* Task description
Using the listing below, give again exactly the lines from the line with "暗証番号をしっかり覚えている" to the line with "Xelu Q Kommod", inclusive, without the pictures.

* Extracted records

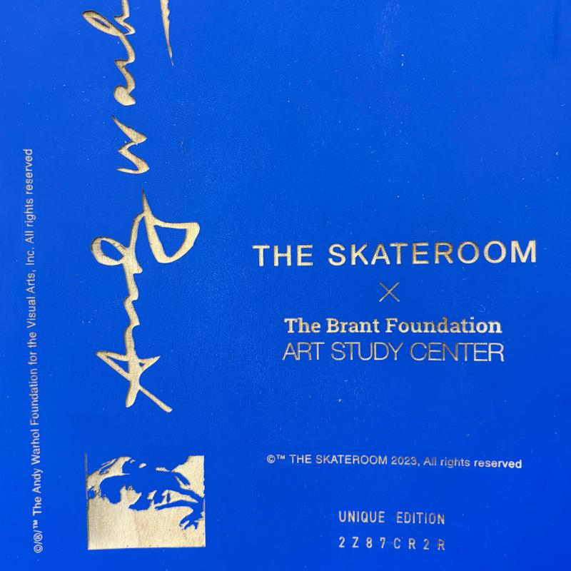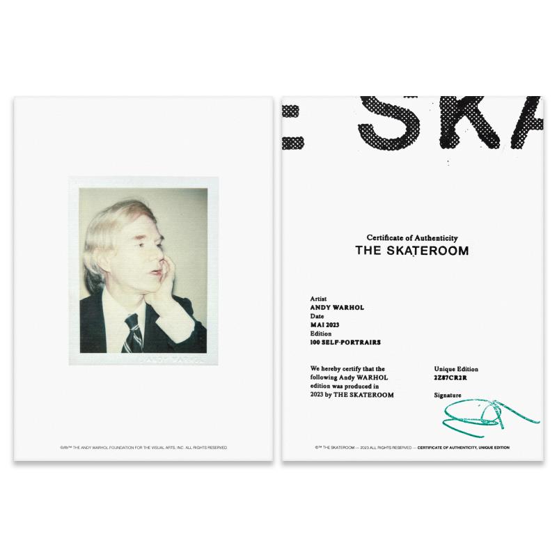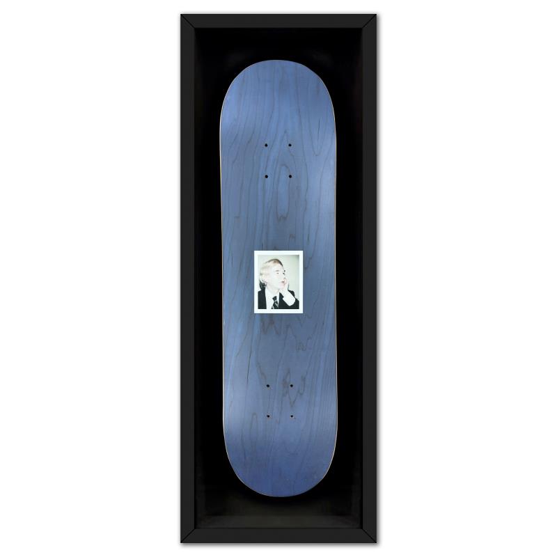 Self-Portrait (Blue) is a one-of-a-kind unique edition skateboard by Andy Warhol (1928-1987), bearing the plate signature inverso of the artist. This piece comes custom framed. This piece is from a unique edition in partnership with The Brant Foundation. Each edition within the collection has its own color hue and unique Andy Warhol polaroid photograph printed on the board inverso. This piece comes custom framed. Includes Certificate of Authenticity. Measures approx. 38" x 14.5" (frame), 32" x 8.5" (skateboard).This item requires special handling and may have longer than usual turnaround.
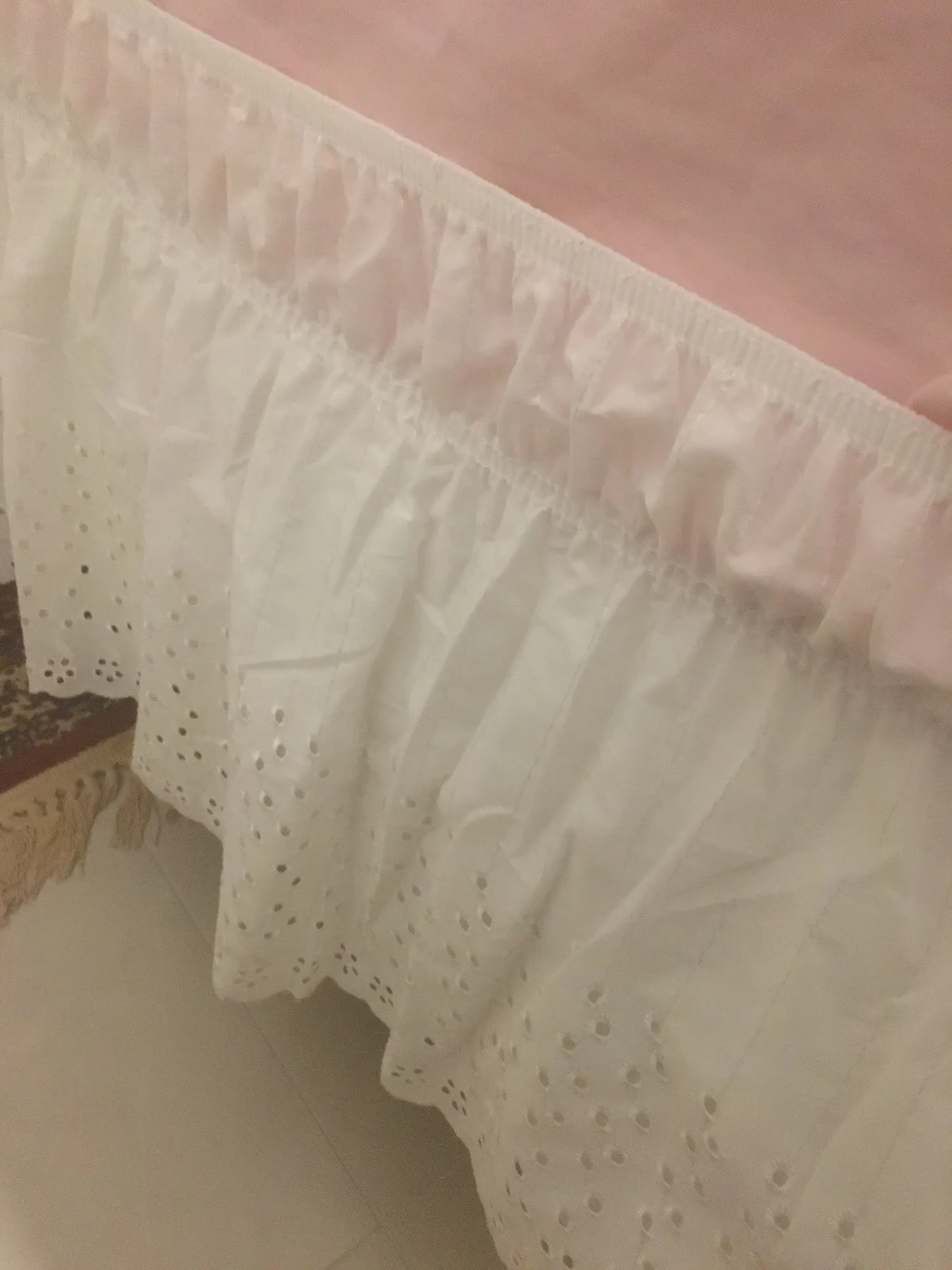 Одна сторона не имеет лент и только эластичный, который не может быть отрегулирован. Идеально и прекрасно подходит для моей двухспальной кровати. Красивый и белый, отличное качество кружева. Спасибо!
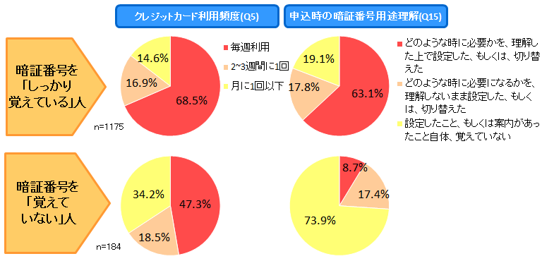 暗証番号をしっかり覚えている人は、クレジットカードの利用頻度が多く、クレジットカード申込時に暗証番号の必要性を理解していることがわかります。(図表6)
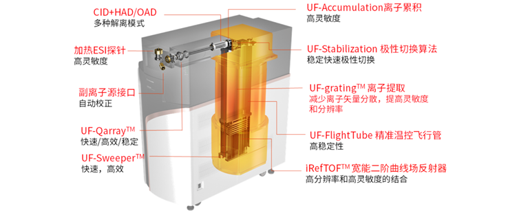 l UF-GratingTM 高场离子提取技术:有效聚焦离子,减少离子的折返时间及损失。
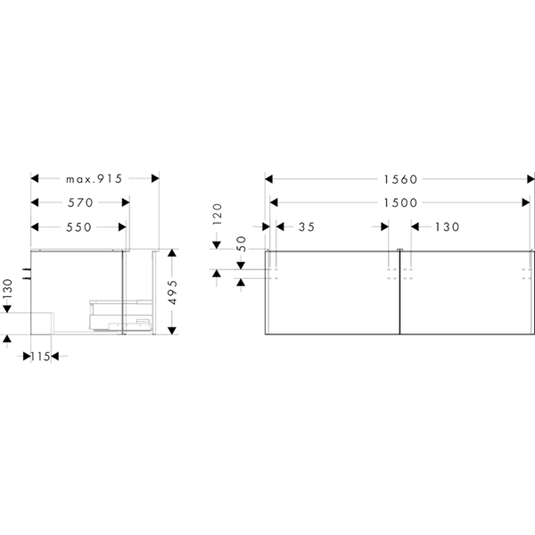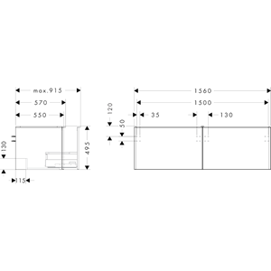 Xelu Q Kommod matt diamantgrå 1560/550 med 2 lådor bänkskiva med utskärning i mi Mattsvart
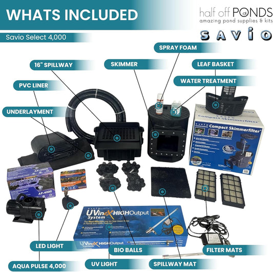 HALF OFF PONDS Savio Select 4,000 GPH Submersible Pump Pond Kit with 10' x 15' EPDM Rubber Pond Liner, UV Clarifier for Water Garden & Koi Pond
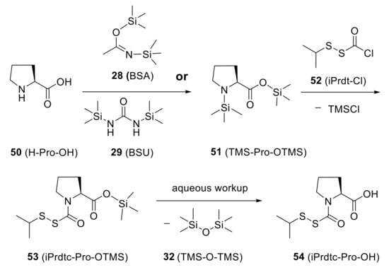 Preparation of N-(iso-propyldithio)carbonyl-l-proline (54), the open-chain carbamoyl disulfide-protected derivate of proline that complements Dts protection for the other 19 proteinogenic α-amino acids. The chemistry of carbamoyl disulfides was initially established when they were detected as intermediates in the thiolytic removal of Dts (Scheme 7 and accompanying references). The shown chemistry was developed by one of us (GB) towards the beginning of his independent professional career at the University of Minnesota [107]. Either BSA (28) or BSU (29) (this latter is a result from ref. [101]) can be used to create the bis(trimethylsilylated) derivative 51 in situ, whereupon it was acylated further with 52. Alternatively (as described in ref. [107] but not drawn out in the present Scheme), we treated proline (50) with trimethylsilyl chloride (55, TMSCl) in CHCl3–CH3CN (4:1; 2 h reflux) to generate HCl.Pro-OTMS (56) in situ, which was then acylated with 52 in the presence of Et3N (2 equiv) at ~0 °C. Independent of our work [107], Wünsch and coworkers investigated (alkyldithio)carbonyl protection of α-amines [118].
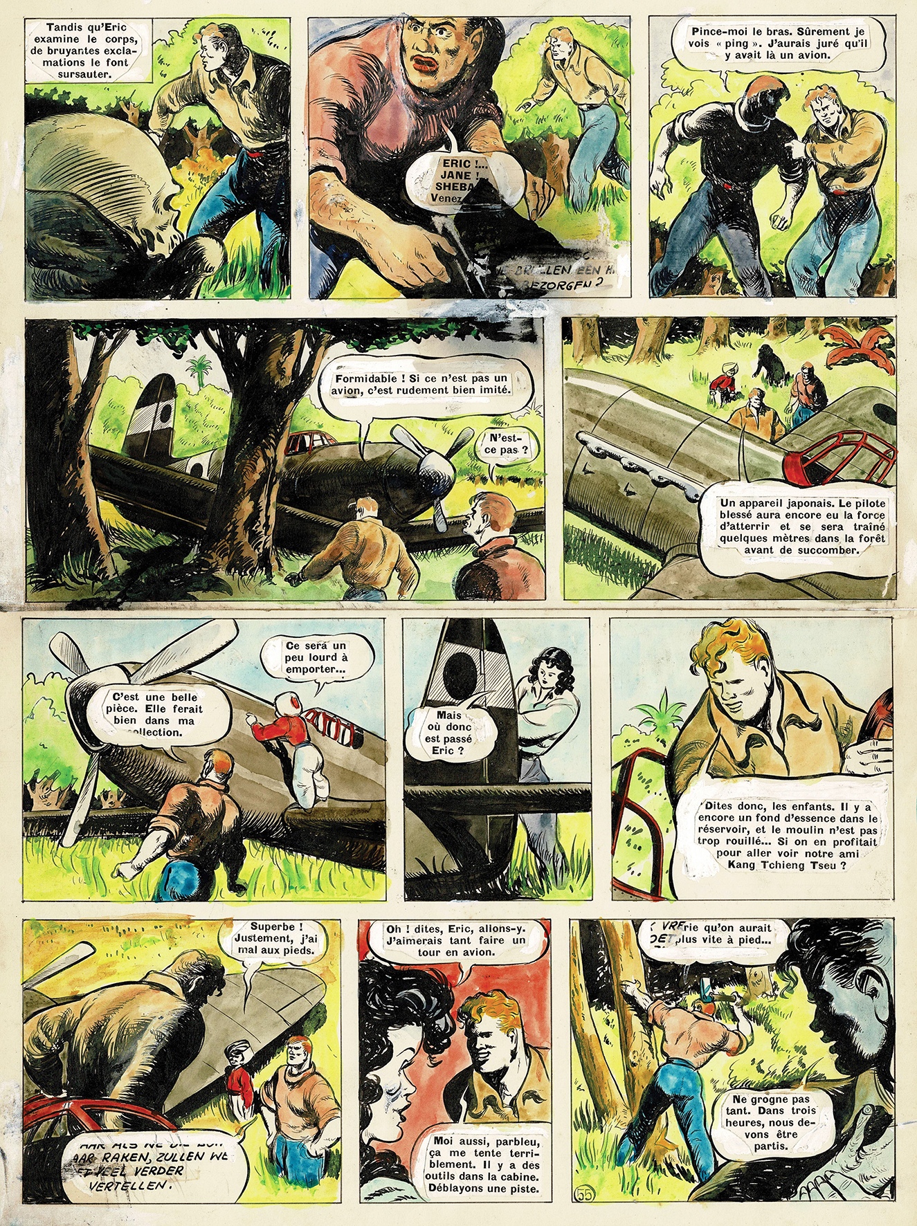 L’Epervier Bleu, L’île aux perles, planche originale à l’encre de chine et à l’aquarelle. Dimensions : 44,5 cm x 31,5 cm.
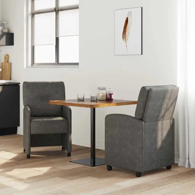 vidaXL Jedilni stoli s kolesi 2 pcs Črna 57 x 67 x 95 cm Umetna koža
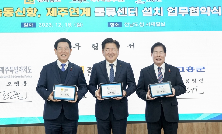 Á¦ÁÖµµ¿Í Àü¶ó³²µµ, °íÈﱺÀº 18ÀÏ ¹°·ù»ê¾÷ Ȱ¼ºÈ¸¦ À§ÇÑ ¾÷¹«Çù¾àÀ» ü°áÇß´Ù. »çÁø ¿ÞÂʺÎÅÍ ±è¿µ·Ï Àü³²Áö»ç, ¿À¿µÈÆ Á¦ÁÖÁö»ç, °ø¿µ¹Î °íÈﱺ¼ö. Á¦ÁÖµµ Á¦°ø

* Finished exercise
 暗証番号をしっかり覚えている人は、クレジットカードの利用頻度が多く、クレジットカード申込時に暗証番号の必要性を理解していることがわかります。(図表6)
 l UF-GratingTM 高场离子提取技术:有效聚焦离子,减少离子的折返时间及损失。
 Xelu Q Kommod matt diamantgrå 1560/550 med 2 lådor bänkskiva med utskärning i mi Mattsvart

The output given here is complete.